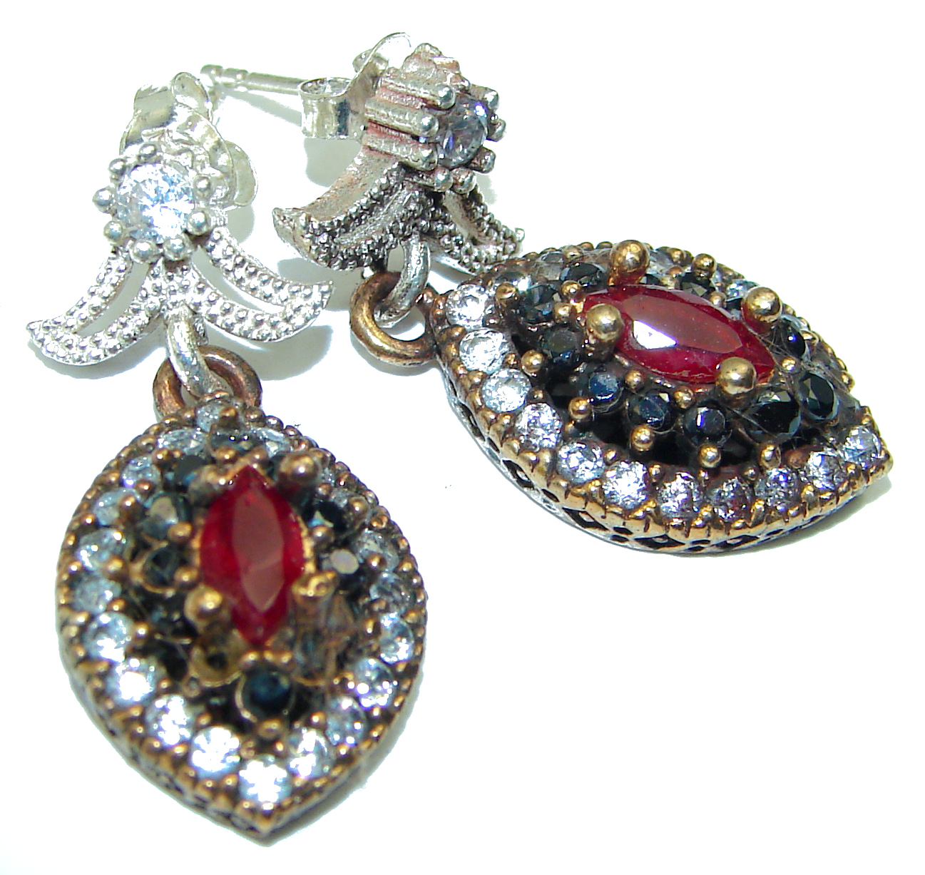 Victorian Style created Ruby .925 Sterling Silver handcrafted earrings
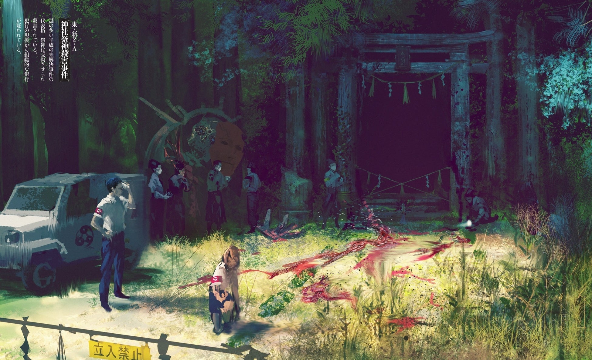 - 黒服警官や民間陰陽師、怪異など、多彩なキャラクターたちの人物画も充実
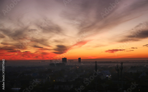 © Антонина Кузнецова, Fototapeta premium Countryside. Pink sky in the rays of the setting sun.
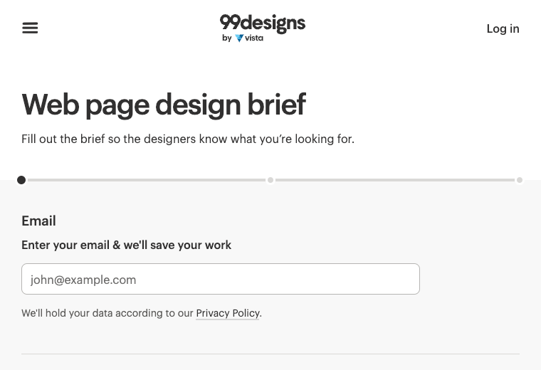 99Designs have built an impressive start flow. They've extracted a repeatable process from the steps frequently taken by designers to start a design project. This includes using visual examples to help guide the customer in expressing what they've got in mind.
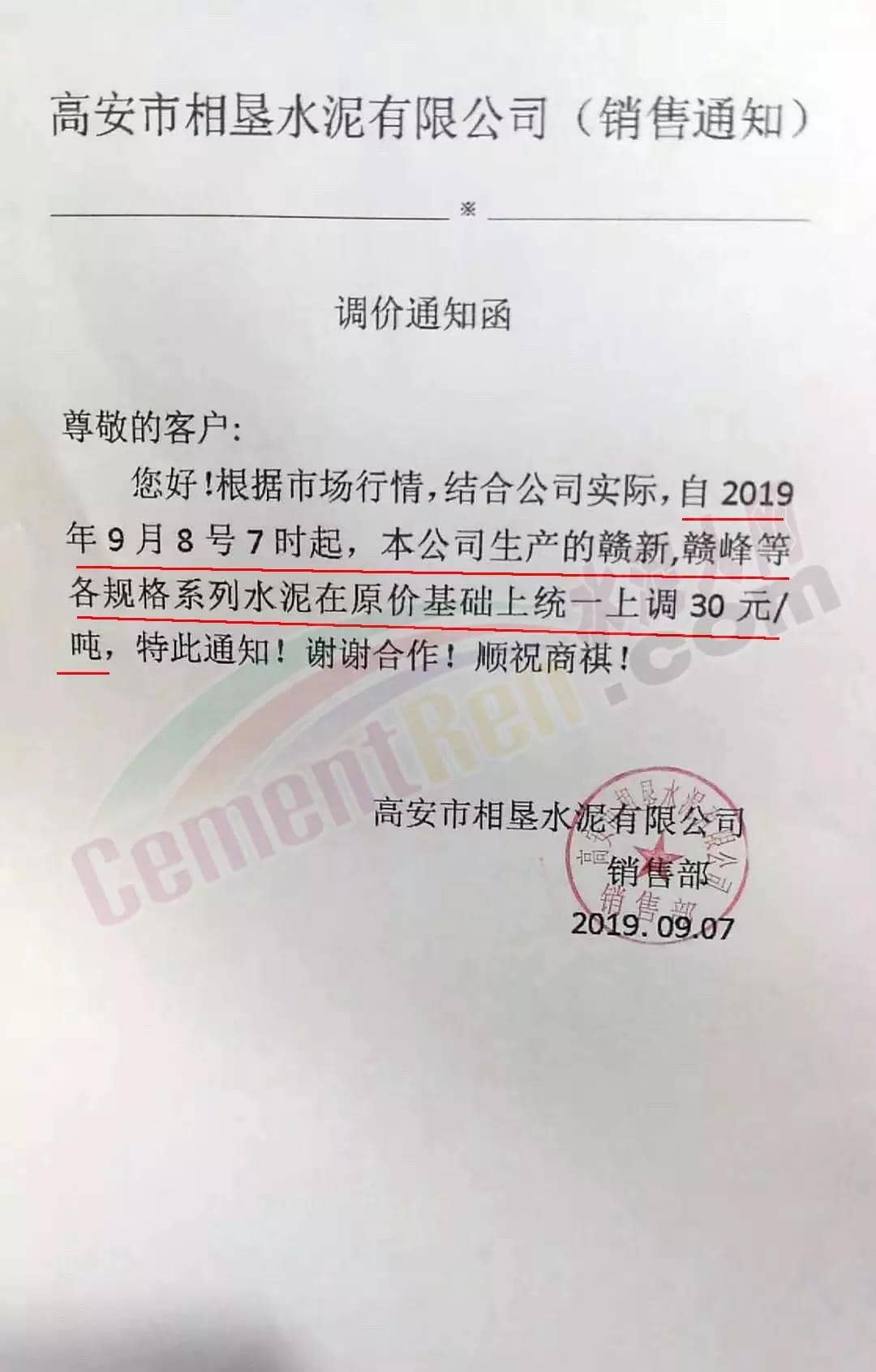 同期,分宜海螺水泥通知自9月7日8:00時(shí),上調(diào)各品種水泥價(jià)格30元/噸;高安市相墾水泥有限公司銷售部發(fā)調(diào)價(jià)通知函稱自9月8日7時(shí)起,公司所生產(chǎn)的贛新、贛峰等各規(guī)格系列水泥在原價(jià)基礎(chǔ)上統(tǒng)一上調(diào)30元/噸。

— WHAT IS EXPECTED —
Please return, exactly and with pictures omitted, the lines from the line holding "99Designs have built" through the end of the data above, inclusive.

— TASK RESPONSE —
 99Designs have built an impressive start flow. They've extracted a repeatable process from the steps frequently taken by designers to start a design project. This includes using visual examples to help guide the customer in expressing what they've got in mind.
 同期,分宜海螺水泥通知自9月7日8:00時(shí),上調(diào)各品種水泥價(jià)格30元/噸;高安市相墾水泥有限公司銷售部發(fā)調(diào)價(jià)通知函稱自9月8日7時(shí)起,公司所生產(chǎn)的贛新、贛峰等各規(guī)格系列水泥在原價(jià)基礎(chǔ)上統(tǒng)一上調(diào)30元/噸。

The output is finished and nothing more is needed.